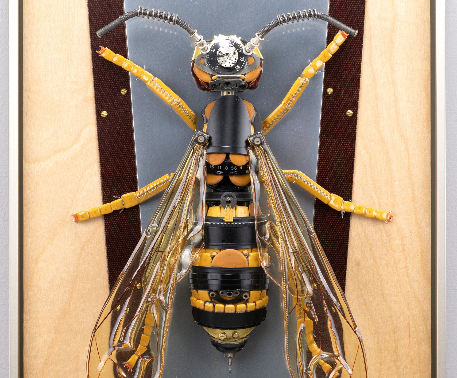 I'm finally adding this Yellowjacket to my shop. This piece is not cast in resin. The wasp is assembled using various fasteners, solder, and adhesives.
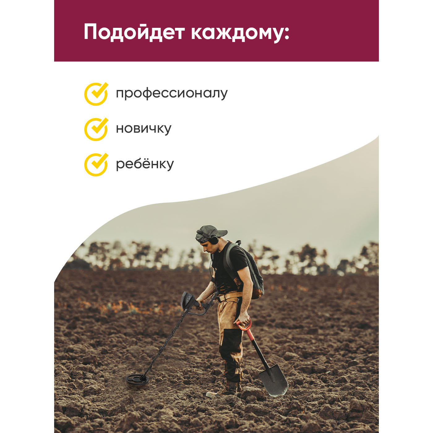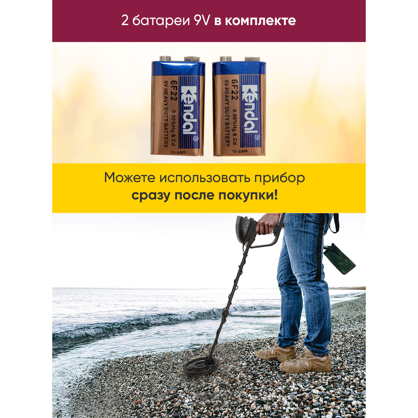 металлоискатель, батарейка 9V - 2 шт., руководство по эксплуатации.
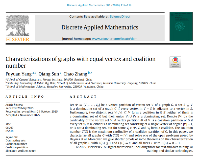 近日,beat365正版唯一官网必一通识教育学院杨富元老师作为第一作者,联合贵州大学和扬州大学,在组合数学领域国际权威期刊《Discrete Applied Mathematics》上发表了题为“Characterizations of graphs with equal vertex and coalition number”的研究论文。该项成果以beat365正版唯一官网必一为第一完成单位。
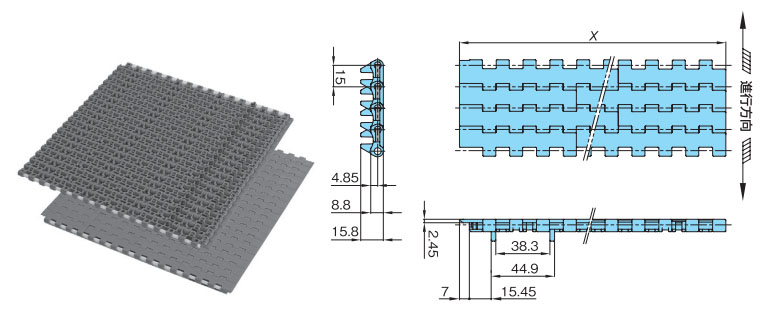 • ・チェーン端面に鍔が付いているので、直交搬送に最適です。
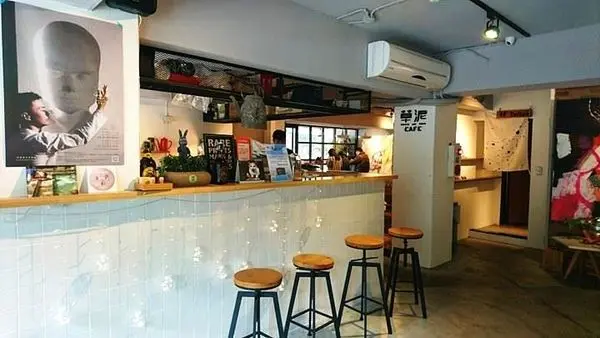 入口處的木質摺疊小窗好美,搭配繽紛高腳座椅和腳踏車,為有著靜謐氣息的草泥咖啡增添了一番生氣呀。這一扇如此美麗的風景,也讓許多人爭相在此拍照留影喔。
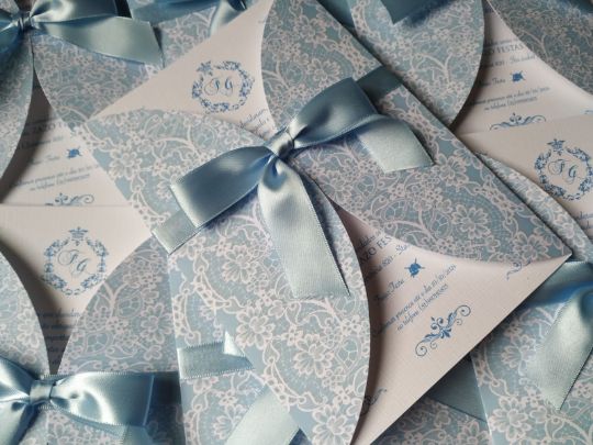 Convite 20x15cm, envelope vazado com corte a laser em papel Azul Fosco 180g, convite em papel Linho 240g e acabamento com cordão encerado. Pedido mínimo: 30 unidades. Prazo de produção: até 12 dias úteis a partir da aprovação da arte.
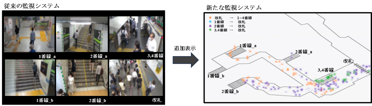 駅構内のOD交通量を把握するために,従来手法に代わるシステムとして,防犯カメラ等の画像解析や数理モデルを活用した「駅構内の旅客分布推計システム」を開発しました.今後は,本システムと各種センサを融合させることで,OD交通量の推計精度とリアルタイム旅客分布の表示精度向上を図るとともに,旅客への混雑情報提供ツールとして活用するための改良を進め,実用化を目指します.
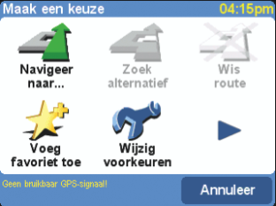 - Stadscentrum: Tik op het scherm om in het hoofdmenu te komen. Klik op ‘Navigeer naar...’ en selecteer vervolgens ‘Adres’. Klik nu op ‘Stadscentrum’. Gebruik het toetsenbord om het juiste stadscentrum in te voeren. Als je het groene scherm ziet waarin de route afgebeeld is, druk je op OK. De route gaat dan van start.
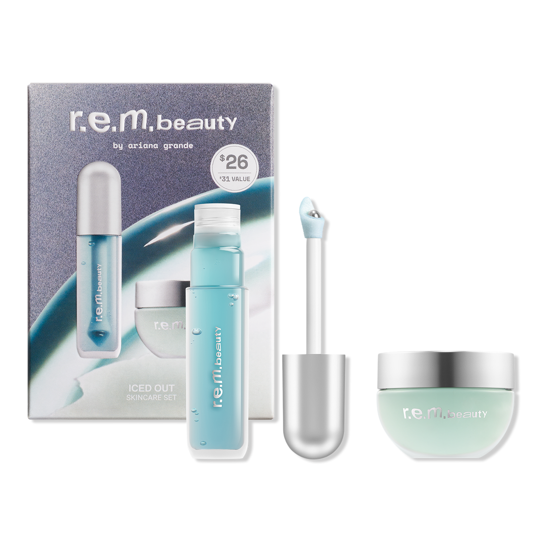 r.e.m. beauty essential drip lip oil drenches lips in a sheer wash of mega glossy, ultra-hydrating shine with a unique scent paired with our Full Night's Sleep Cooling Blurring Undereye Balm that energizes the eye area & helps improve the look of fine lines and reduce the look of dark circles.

::::::::::

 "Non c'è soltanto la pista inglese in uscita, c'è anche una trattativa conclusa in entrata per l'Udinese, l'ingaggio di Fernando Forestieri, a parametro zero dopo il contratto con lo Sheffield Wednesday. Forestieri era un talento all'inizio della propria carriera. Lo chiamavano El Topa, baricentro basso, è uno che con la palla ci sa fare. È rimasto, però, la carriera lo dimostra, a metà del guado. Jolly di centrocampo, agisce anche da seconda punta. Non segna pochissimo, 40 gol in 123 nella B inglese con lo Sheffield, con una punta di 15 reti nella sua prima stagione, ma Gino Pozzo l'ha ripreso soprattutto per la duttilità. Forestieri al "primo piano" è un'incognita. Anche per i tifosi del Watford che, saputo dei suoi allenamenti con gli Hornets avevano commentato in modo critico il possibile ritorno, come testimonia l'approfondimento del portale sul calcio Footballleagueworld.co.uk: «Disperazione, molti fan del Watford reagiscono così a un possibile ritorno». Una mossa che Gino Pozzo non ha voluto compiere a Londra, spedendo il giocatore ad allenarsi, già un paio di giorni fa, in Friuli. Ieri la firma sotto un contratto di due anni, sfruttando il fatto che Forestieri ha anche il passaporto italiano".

::::::::::

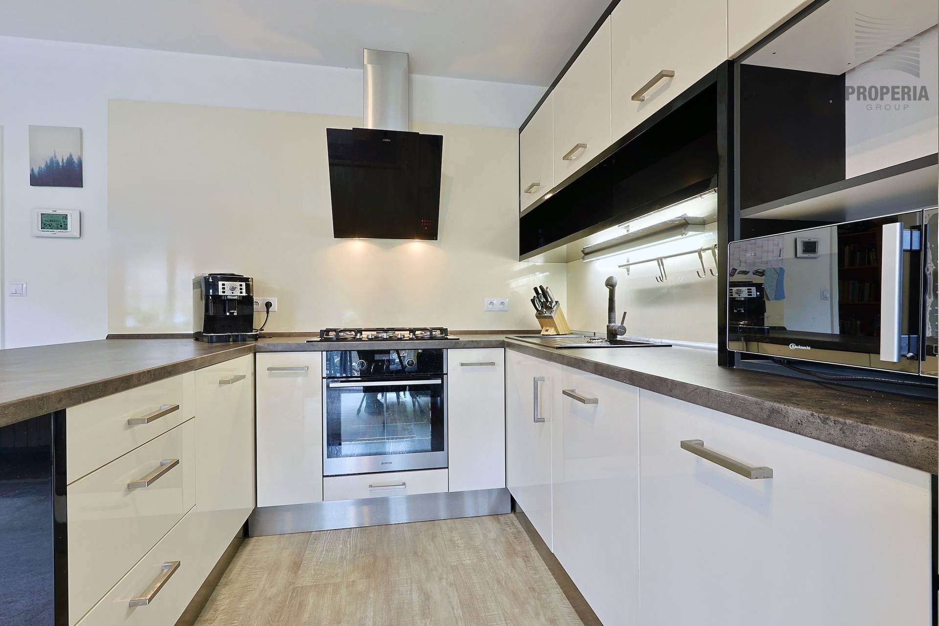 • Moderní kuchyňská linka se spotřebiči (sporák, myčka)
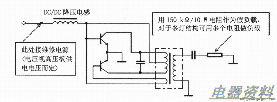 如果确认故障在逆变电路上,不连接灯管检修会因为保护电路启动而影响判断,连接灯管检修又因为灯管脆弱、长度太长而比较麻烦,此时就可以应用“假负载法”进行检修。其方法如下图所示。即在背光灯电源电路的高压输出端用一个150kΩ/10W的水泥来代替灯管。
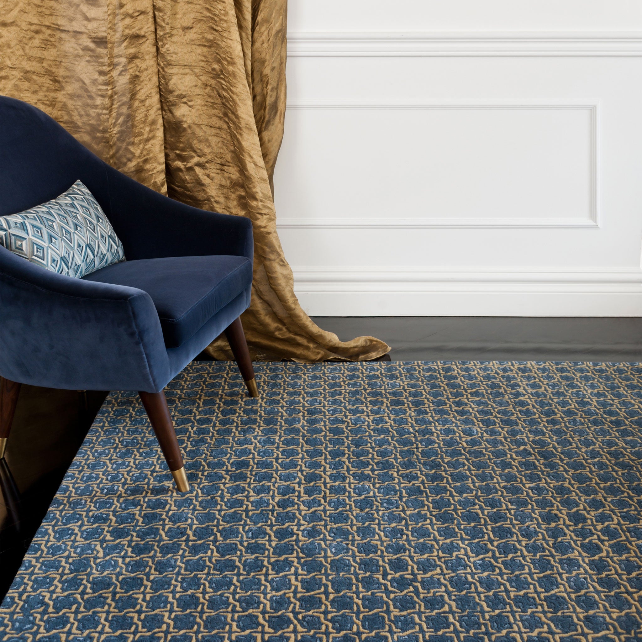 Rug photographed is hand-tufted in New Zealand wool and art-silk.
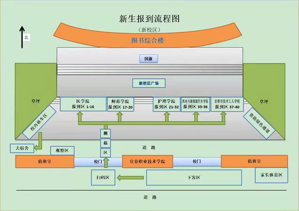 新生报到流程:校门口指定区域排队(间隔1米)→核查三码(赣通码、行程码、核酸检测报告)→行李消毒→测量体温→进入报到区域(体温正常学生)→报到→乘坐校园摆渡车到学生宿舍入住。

::::::::::

• [Work task]
In the entries above, find the line with "of graphs with" and the line with "入口處的木質摺疊小窗好美,搭". Write out exactly those two lines and every line between them, pictures excluded.

• [Exercise response]
 近日,beat365正版唯一官网必一通识教育学院杨富元老师作为第一作者,联合贵州大学和扬州大学,在组合数学领域国际权威期刊《Discrete Applied Mathematics》上发表了题为“Characterizations of graphs with equal vertex and coalition number”的研究论文。该项成果以beat365正版唯一官网必一为第一完成单位。
 • ・チェーン端面に鍔が付いているので、直交搬送に最適です。
 入口處的木質摺疊小窗好美,搭配繽紛高腳座椅和腳踏車,為有著靜謐氣息的草泥咖啡增添了一番生氣呀。這一扇如此美麗的風景,也讓許多人爭相在此拍照留影喔。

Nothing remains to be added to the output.